De variabelen op korte termijn wijken af van hun trends op lange termijn. Macroeconomie op korte termijn probeert deze afwijkingen te verklaren met behulp van verschillende economische modellen. Deze modellen impliceren meestal dat de klassieke dichotomie niet geschikt is op korte termijn, waardoor nominale en reële variabelen met elkaar verbonden zijn en veranderingen in de geldhoeveelheid het reële BBP tijdelijk buiten zijn lange termijntrend kunnen duwen. Op lange termijn beïnvloeden veranderingen in de geldhoeveelheid echter de prijzen en nominale variabelen, maar niet de reële variabelen.

Op korte termijn, door af te zien van de klassieke dichotomie en de monetaire neutraliteit, moeten modellen worden ontwikkeld die zich richten op het verklaren van hoe nominale en reële variabelen met elkaar omgaan.

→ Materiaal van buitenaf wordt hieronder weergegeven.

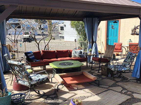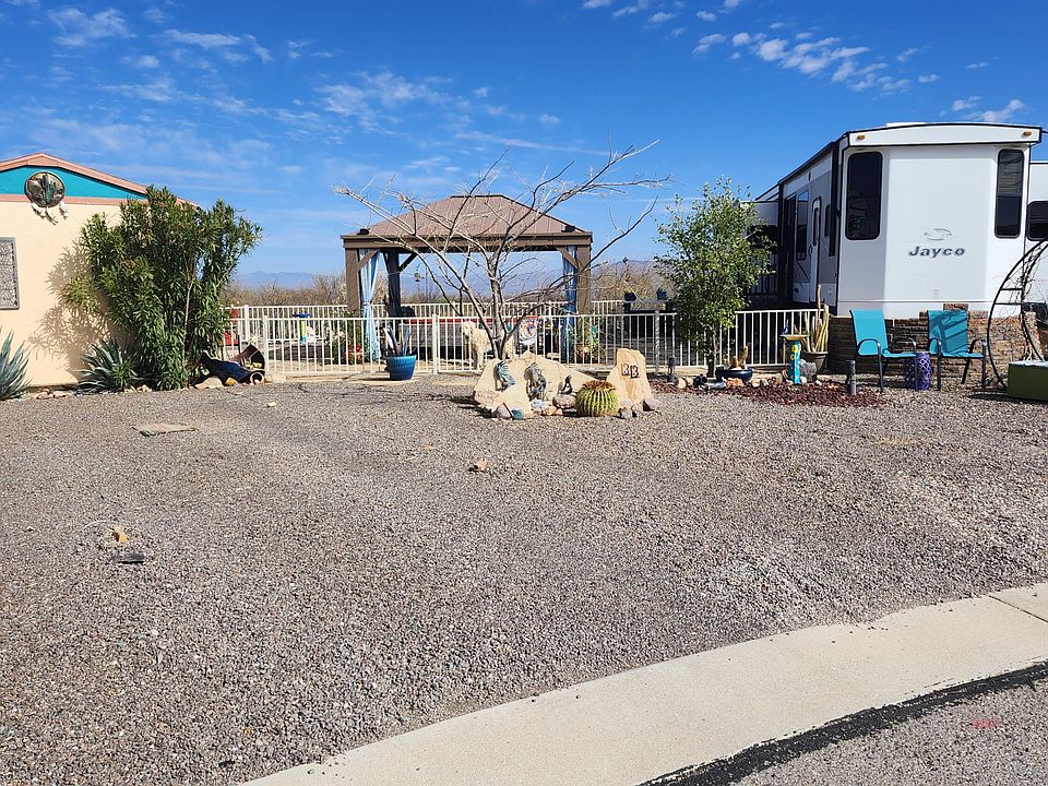 This spacious 4662 sq ft (90 x 70') lot is fully landscaped with a fenced in flagstonepatio & 14 x 12' gazebo.The RV lot is located in the LOA 55+ gated section of Cochise Terrace. The mountain views from the comfort of the gazebo are breathtaking! The fabulous sunrises/sunsets, wildlife, desert flora, and even Benson 4 th of July fireworks are all viewable as you relax with your morning coffee or favorite evening beverage. This property also boasts a finished 20 x 12' shed. The main room, remodeled in2023, is fully insulated with a fireplace, AC & another washer & dryer hook-up. The opportunities for this space is unlimited - perhaps a workshop, craft area or media room - the choice is all yours! The shed also includes a large interior storage closet.See agent remarks also
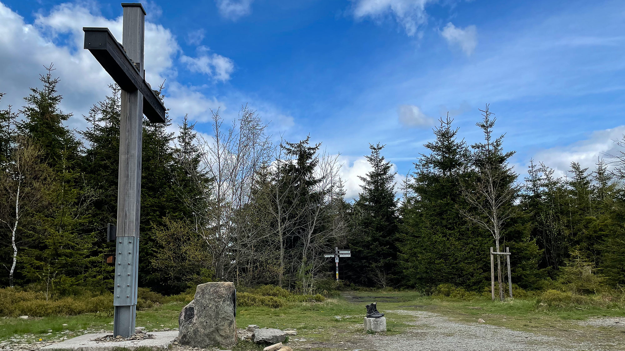 Weiter geht es durch den Wald und etwas passiert mit mir, die Endorphine machen sich breit meine Stimmung ist im Höhenflug. Das letzte Stück bis zum Langenberg geht es noch ein wenig bergauf, aber das macht mir überhaupt nichts aus. Als wir endlich auf dem unscheinbaren Platz, der höchsten Erhebung Nordrhein-Westfalens ankommen, wirft Judith ihren Rucksack auf die Erde und schmeißt sich auf die hölzerne Hängematte und johlt. Irgendein Witzbold hat alte lederne Wanderschuhe auf einen Stein gestellt, ansonsten gibt es hier nur noch ein Kreuz und eine Gedenktafel und ringsherum Bäume. Kein obligatorischer Aussichtsturm! Gefällt mir!

Modellen die kortetermijnfluctuaties of afwijkingen van de lange termijntrend proberen te verklaren, richten zich op de productie van de economie en het gemiddelde prijsniveau. Aangezien productie een reële variabele is en het prijsniveau een nominale variabele, wordt de veronderstelling verlaten dat nominale en reële variabelen afzonderlijk kunnen worden bestudeerd.

Verschillen tussen korte en lange termijn

Het belangrijkste verschil tussen de macro-economische theorie van de korte en lange termijn is het gedrag van de prijzen. Op lange termijn zijn prijzen flexibel en kunnen ze reageren op veranderingen in vraag en aanbod. Daarentegen zijn op korte termijn veel prijzen star en vastgelegd op een bepaald niveau. Vanwege dit verschillende prijsengedrag op korte en lange termijn hebben economische gebeurtenissen en beleid verschillende effecten, afhankelijk van de geanalyseerde tijdshorizon.

Op korte termijn worden schommelingen in productie veroorzaakt door veranderingen in de vraag, en wordt aangenomen dat bedrijven bereid zijn om zoveel te leveren als gevraagd wordt. Met andere woorden, beperkingen aan het aanbod worden vaak genegeerd. Op lange termijn worden andere onderwerpen besproken, zoals het onderwijssysteem, spaarratio's en de rol van de overheid.

Een toename van de geldhoeveelheid door de centrale bank, volgens het klassieke model waar de klassieke dichotomie en monetaire neutraliteit gelden, veroorzaakt geen schommelingen in productie of werkgelegenheid. Echter, op korte termijn reageren veel prijzen niet op de toename van de geldhoeveelheid. Deze prijsstarheid impliceert dat de impact op korte termijn niet dezelfde is als op lange termijn.

Een model dat economische fluctuaties wil verklaren, moet rekening houden met deze prijsstarheid op korte termijn. Het falen van prijzen om zich onmiddellijk aan te passen aan veranderingen in de geldhoeveelheid impliceert dat op korte termijn reële variabelen zoals productie en werkgelegenheid een deel van de aanpassing op zich kunnen nemen.

Conclusie

Samenvattend: op korte termijn zijn prijzen star en geldt de klassieke dichotomie niet. Nominale variabelen kunnen invloed hebben op reële variabelen en de economie kan afwijken van de trend die door langetermijnmodellen wordt voorspeld. Daarentegen zijn prijzen op lange termijn flexibel en geldt de klassieke dichotomie, en volgt de economie een langetermijntrend die wordt verklaard door deze modellen.

Let op: er is geen specifieke tijdsperiode vastgesteld voor korte en lange termijn. Er bestaat geen standaard voor elke tijdshorizon, maar als algemene regel wordt de korte termijn vaak gebruikt voor veranderingen van jaar tot jaar of korter, en de lange termijn voor veranderingen over decennia. Ook wordt vaak de middellange termijn genoemd om te verklaren hoe de economie overgaat van korte naar lange termijn.